I have a simple optimization problem that, with some specific data, makes scipy.optimize.minimize ignore the tol argument. From the documentation, tol determines the "tolerance for termination", that is, the maximum error accepted for the objective function, in my understanding (am I wrong?). However in the next working example, when tol is set to 0.1 for example, or other small numbers, the optimizations finishes with a "Optimization terminated successfully" message even when the objective function > tol. Is this a bug in Scipy's method or am I misunderstanding something here?
The optimization problem: I need to make a linear combination of var1 and var2, which are two time series, scaling them by parameters Btd and Bta. I need that the mean of the linear combination approximates to a target value Target, a scalar. So I simply minimize the absolute difference between np.mean(Btd*var1 + Bta*var2) and Target. The constraints are that the scaling coefficients must be >0 and that the ratio of means np.mean(Btd*var1)/np.mean(Bta*var2) should approximate to the function gi/(1-gi), where gi is a scalar in the interval [0,1].
Reproducible code:
import numpy as np
import scipy.optimize as opt
# The data that exactly reproduce the error:
time = np.arange(1979,2011)
var2=np.array([ 88.95705521, 74.5398773 , 72.08588957, 65.64417178,
50. , 72.39263804, 77.3006135 , 72.08588957,
64.41717791, 96.62576687, 69.93865031, 84.96932515,
86.50306748, 82.20858896, 80.98159509, 73.00613497,
66.25766871, 67.48466258, 79.75460123, 65.64417178,
70.24539877, 84.66257669, 76.3803681 , 83.74233129,
83.74233129, 78.2208589 , 88.03680982, 87.73006135,
100. , 71.16564417, 73.6196319 , 85.58282209])

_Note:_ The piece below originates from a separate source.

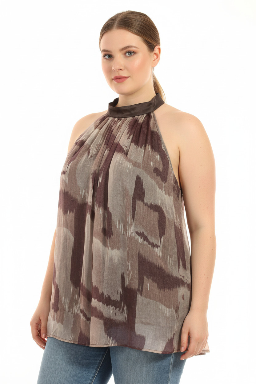 Dámská halenka bez rukávů vzorovaná průsvitná letní Velikost DE 50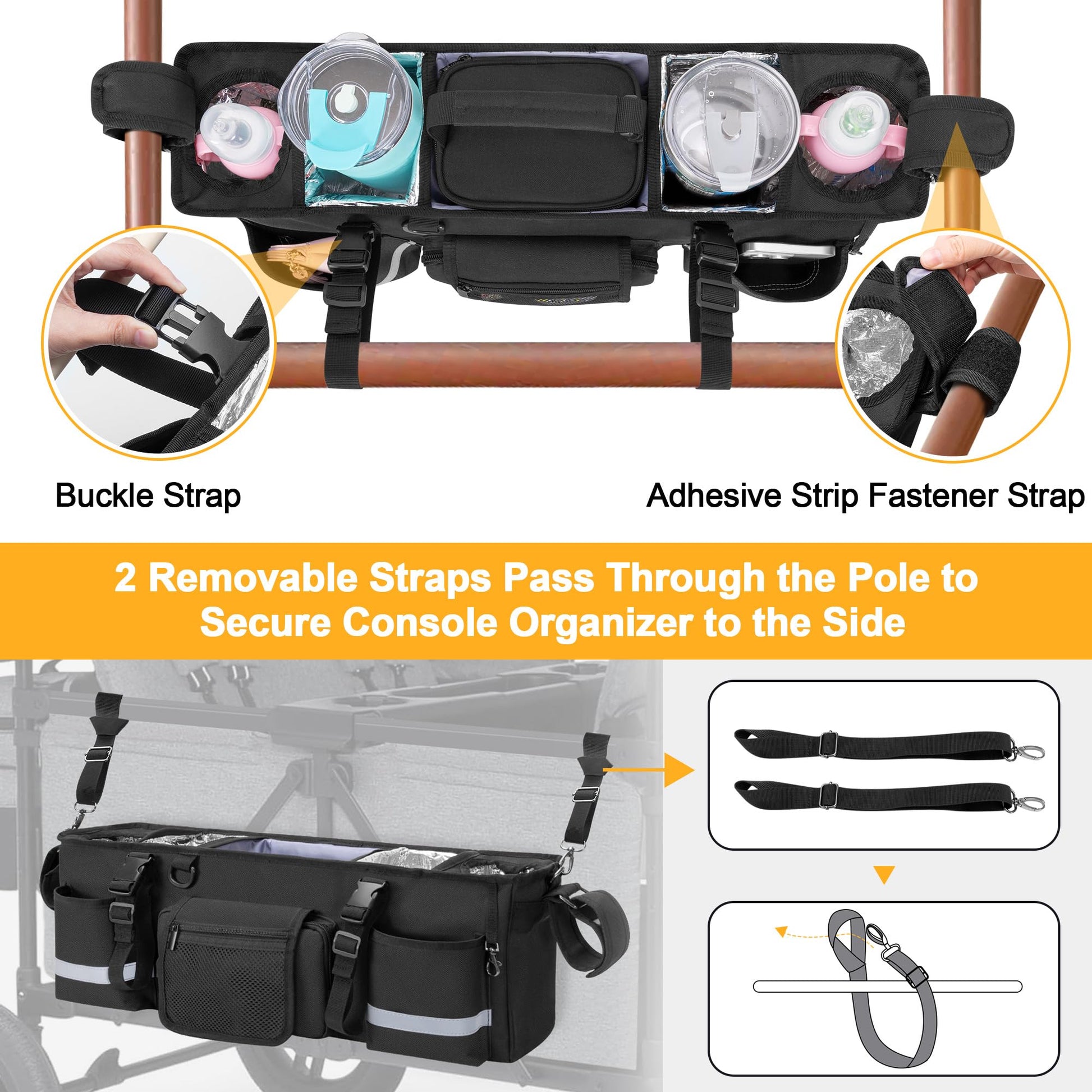 - Q: Can the cooler bag be used separately? A: Yes, the removable cooler bag can be taken out of the stroller organizer and used separately to keep your beverages or food cold.

var1=np.array([300. , 420.89552239, 333.58208955, 355.97014925,
376.11940299, 510.44776119, 420.89552239, 434.32835821,
333.58208955, 394.02985075, 523.88059701, 411.94029851,
353.73134328, 434.32835821, 355.97014925, 398.50746269,
476.86567164, 371.64179104, 445.52238806, 544.02985075,
416.41791045, 427.6119403 , 541.79104478, 579.85074627,
429.85074627, 414.17910448, 420.89552239, 528.35820896,
577.6119403 , 490.29850746, 600. , 454.47761194])
X=np.transpose([var1, var2])
# Global parameters
Target = 3.0
gi = 0.7
# This model is a simple linear combination of the two time series.
def MyModel(modelparams, X, gi):
Bta, Btd = modelparams
Eta = Bta*X[:,0]
Etd = Btd*X[:,1]
Etot = Eta + Etd
return Etot, Eta, Etd
# Objective function
def Obj(modelparams):
Bta, Bdt = modelparams
Etot, Eta, Etd = MyModel([Bta, Bdt], X, gi)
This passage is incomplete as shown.